I have a few questions. I am looking to upgrade and try to start making money from my photography. I am currently using a Sony A57 and I love it, but I would like to upgrade to a full format camera. What would you recommend that is from 2012 to now, around 20 megapixels or more, and under $2,000? I really appreciate it.


----------



## Ysarex (Oct 30, 2016)

Buy the Nikon system you can afford and consider used lenses.

Joe


----------



## Derrel (Oct 30, 2016)

Nikon D600 is a high-quality imager...nice sensor, low second-hand price. Nikon D610 is its replacement, costs a wee bit more, same sensor, same high image quality. Plenty of basic "workaday" Nikon prime lenses will work on these two 24-MP models: 24MP on FX does not require the *ne plus ultra* type lenses; the basic 50mm and 85mm f/1.8 lenses from the mid-1980's era to 2016 will work on these two models. 24mm 2.8, 35mm f/2 AF-D OR the new 35/1.8 AF-S model will give wide (24mm) and semi-wide angles of view (35mm on FX is semi-wide). You could buy yourself a pair of used D600 or D610 models for under $2,000.
24/35/50/85 and a 70-200 f/4 VR will cover a huge number of jobs on 24MP FX, and the image quality, color, and the dynamic range-all are very good on the D600 or D610.


----------



## chuasam (Nov 5, 2016)

why do you feel you need a fullframe camera to shoot professionally?


----------



## dxqcanada (Nov 5, 2016)

Umm, I am assuming you do not want to go with the A99 ... since as a Sony user that would be the first choice ??


----------



## The_Traveler (Nov 5, 2016)

Before you make a big investment in order to make money, you really need to look into two issues:
Are you skilled enough that people will pay you money to take pictures?
Considering that this is almost certainly the most difficult time in history to get into the profession and make maoney at photography, is this a step you want to take?


----------



## OGsPhotography (Nov 5, 2016)

Dont tell them you want to make money! 

Worse time in History! Haha. 

Pretty sure it was harder in 1941 ( picked tht out of thin air but I hope you get the point). 

Remembrance day in my Canada is Nov 11. Lest we forget , it WAS harder.

Inmediately calling someone on skill level is a bit far even accounting for the ridiculousness of understanding all of history.


----------



## OGsPhotography (Nov 5, 2016)

Oops!

I meant to say buy the Canon system you can afford and save up for a Canon 70-200 2.8 IS USM. 
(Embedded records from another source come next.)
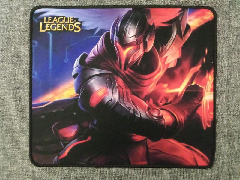 Килимок для мишки League of Legends 25x29см Прошитий по краях периметром, прогумований низ -- зменшує ковзання по столу, верх -- тканинна основа з малюнком. тип поверхні -- speed
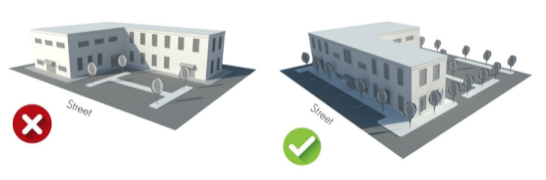 This design standard is intended to minimize the visibility of off-street surface parking from the street in order to promote engaging and attractive streetscape.
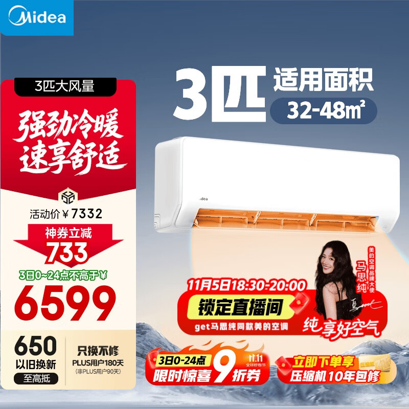 美的空调 大3匹挂机 客厅空调 一级能效 壁挂式变频冷暖空调 舒适风 48㎡全覆盖 KFR-72GW/G1-1A
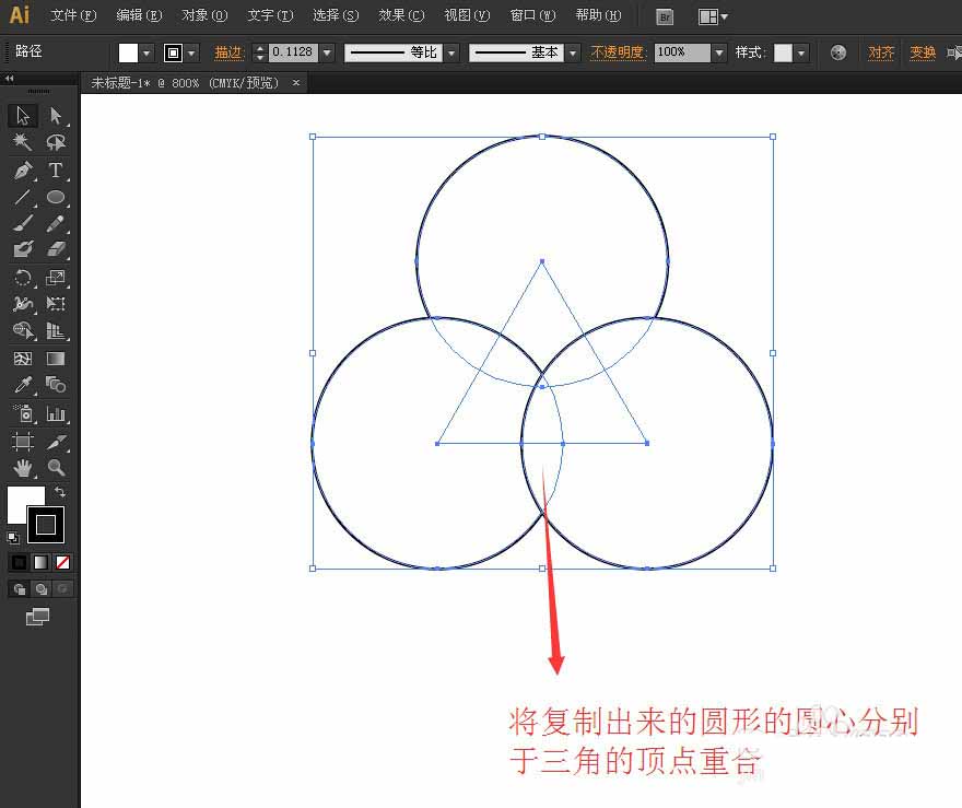 7、将复制出来的圆的圆心分别与三角形的顶点重合。
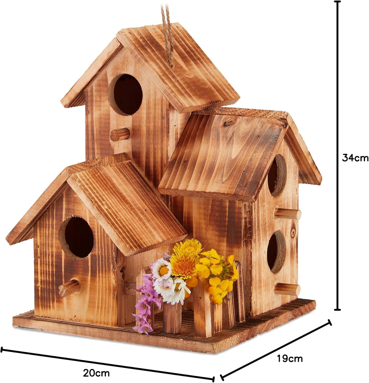 - Aus Holz: Das rustikale Vogelhaus besteht aus gebranntem Holz und versprüht einen natürlichen Charme
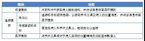 手術(shù)導(dǎo)航系統(tǒng)使醫(yī)生在微創(chuàng)手術(shù)時(shí)能了解手術(shù)工具相對(duì)于解剖結(jié)構(gòu)的位置。在手術(shù)導(dǎo)航系統(tǒng)出現(xiàn)之前,醫(yī)生只能依靠?jī)?nèi)鏡進(jìn)行微創(chuàng)手術(shù),或?qū)嵤╅_(kāi)放式手術(shù)。相比開(kāi)放性手術(shù),微創(chuàng)手術(shù)有創(chuàng)傷小的優(yōu)勢(shì);相比內(nèi)窺鏡介導(dǎo)下的微創(chuàng)手術(shù),手術(shù)導(dǎo)航系統(tǒng)導(dǎo)航下的微創(chuàng)手術(shù)有精度高、使用范圍廣的優(yōu)勢(shì)。手術(shù)導(dǎo)航系統(tǒng)一般包括三個(gè)模塊,具體如下表。
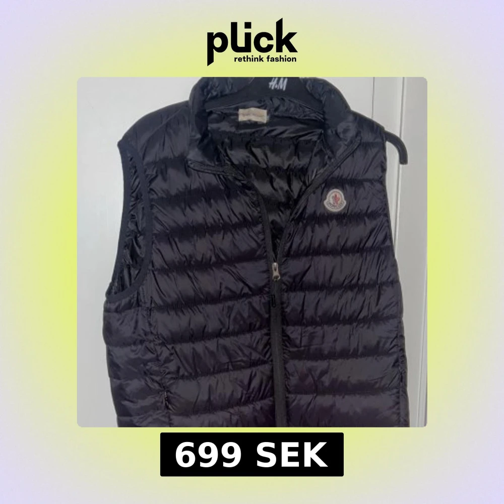 Svart dunväst från Moncler med klassisk quiltad design och hög krage. Västen har dragkedja framtill och ikonisk Moncler-logga på framsidan. Väldigt bra skick. Storlek barnstorlek XXL, passar S-M.

After you shoot that for a while you will appreciate all lens that do not weigh 4 lbs.


----------



## The_Traveler (Nov 5, 2016)

Actually, during the war all the men were drafted or being drafted and if someone had a camera and skills they could get a job.


----------



## OGsPhotography (Nov 5, 2016)

Must have been the easiest time in history.


----------



## Advanced Photo (Nov 5, 2016)

OGsPhotography said:


> Dont tell them you want to make money!
> 
> Worse time in History! Haha.
> 
> ...


Harder still in 1915. The cost...the size...argh.
And don't you realize, no one has any skill at least in his mind it seems.


----------